Related: Change the 14th Amendment! No More Anchor Babies! – Right Side News

Seeking to address the issue of instant citizenship, legislation was introduced in Congress thirteen years ago that sought to amend the Immigration and Nationality Act by denying citizenship at birth to children born in the United States of parents who are not citizens or permanent resident aliens. Typical of the many proposals that sought to address the issue of “Anchor Babies” was House Joint Resolution 698 introduced in 2005 by then Congressman, now Georgia Governor, Nathan Deal.

HJR 698 sought to forbid citizenship to any child born in the United States unless at least one of the parents is either a citizen or an alien who has been admitted for permanent residence. That same stipulation would also have been applicable to children born out of wedlock.

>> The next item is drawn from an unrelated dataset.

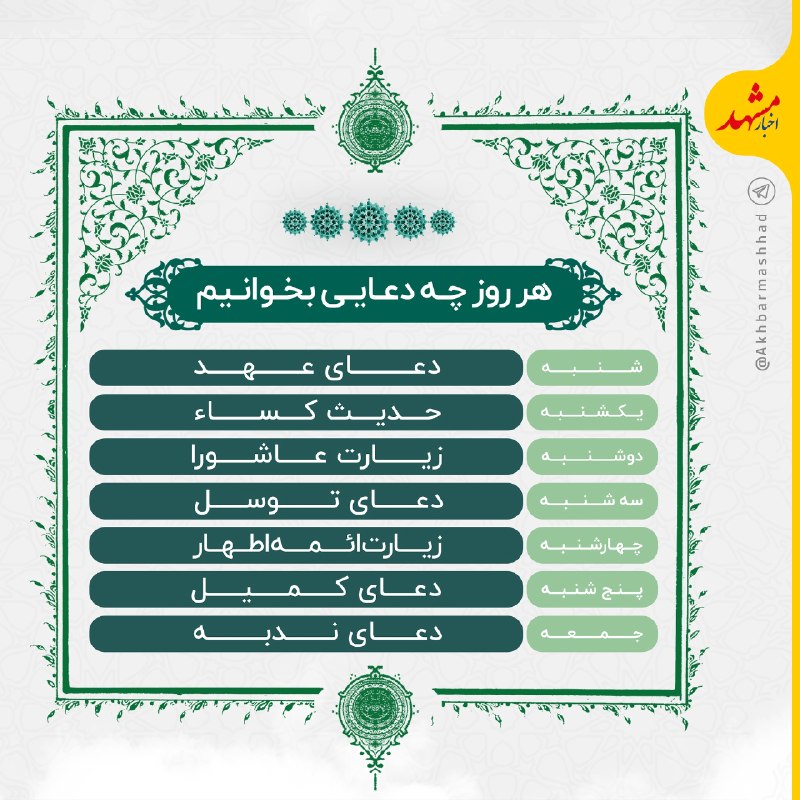 هر روز چه دعایی بخوانیم؟ برنامه هفتگی دعای روزانه از شنبه تا جمعه Posted on آوریل 25, 2026 🔸هر روز چه دعایی بخوانیم؟ 🔹شنبه، #دعای_عهد 🔹یکشنبه، #حدیث_کسا 🔹دوشنبه، #زیارت_عاشورا 🔹سهشنبه، #دعای_توسل 🔹چهارشنبه، #زیارت_نامه_ائمه_اطهار 🔹پنجشنبه، #دعای_کمیل 🔹جمعه، #دعای_ندبه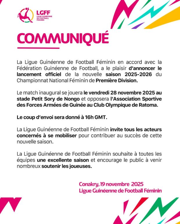 Dans un communiqué officiel, la Fédération Guinéenne de Football Féminin annonce, ce mercredi 19 novembre 2025, le démarrage de la nouvelle saison 2025-2026 du Championnat National Féminin de première division.

While many applauded Congressman Deal’s legislation others suggested that it might be unconstitutional. They pointed to what appeared to be the unambiguous language of the Constitution’s Fourteenth Amendment to make their case. The relevant part of that amendment states: “All persons born or naturalized in the United States and subject to the jurisdiction thereof, are citizens of the United States.”

On the other hand, others point to the words “subject to the jurisdiction thereof” to make the case that the framers clearly provided an exception to what appears to be a carte blanche command.

Writing in the Harvard Journal of Law & Public Policy, 465 (1999) Charles Wood observes that while the meaning of the Citizenship Clause is not clear on its face, “the clause certainly provides that some persons born in the United States are not citizens, namely those who at birth are not ‘subject to’ the jurisdiction of the Unites States” such as diplomats and foreign ministers of other nations who have legal or factual immunity from local law.In proposing the definition of citizenship for the Fourteenth Amendment in 1866 U.S. Sen. Jacob M. Howard, (R-MI), stated that his definition reflected “English common law principles governing birthright citizenship.

In crafting the Fourteenth Amendment’s Citizenship Clause, the framers noted that to be born a British subject, a person had to be born “within the allegiance,” meaning that there was a duty of allegiance, including obedience, on the part of the person born on British soil. Exceptions also included persons born on British soil to diplomats and those “born to a foreign military force occupying the British territory where the birth took place.

Most relevant to our current situation vis-à-vis illegal aliens is the point made by Mr. Wood wherein he noted that “in the common law the allegiance of the parents were imputed to the child born on the sovereign’s territory.” In other words, if there were no allegiance to the United States by the newborn’s parents, the same would be said of the child. Thus no citizenship would be recognized even if the child was born on American soil. This issue and salient questions pertaining to the illegal aliens and citizenship need to be addressed.Then-Congressman Deal’s legislation should be a model of what needs to be done as the issue of illegal aliens is being debated today. His model legislation should be introduced in the House, be debated, and a vote taken by Congress. If it should pass and later be declared unconstitutional then a constitutional amendment should be pursued until ratification by the states is achieved. The question of citizenship is an integral part of the illegal immigration dilemma facing our nation.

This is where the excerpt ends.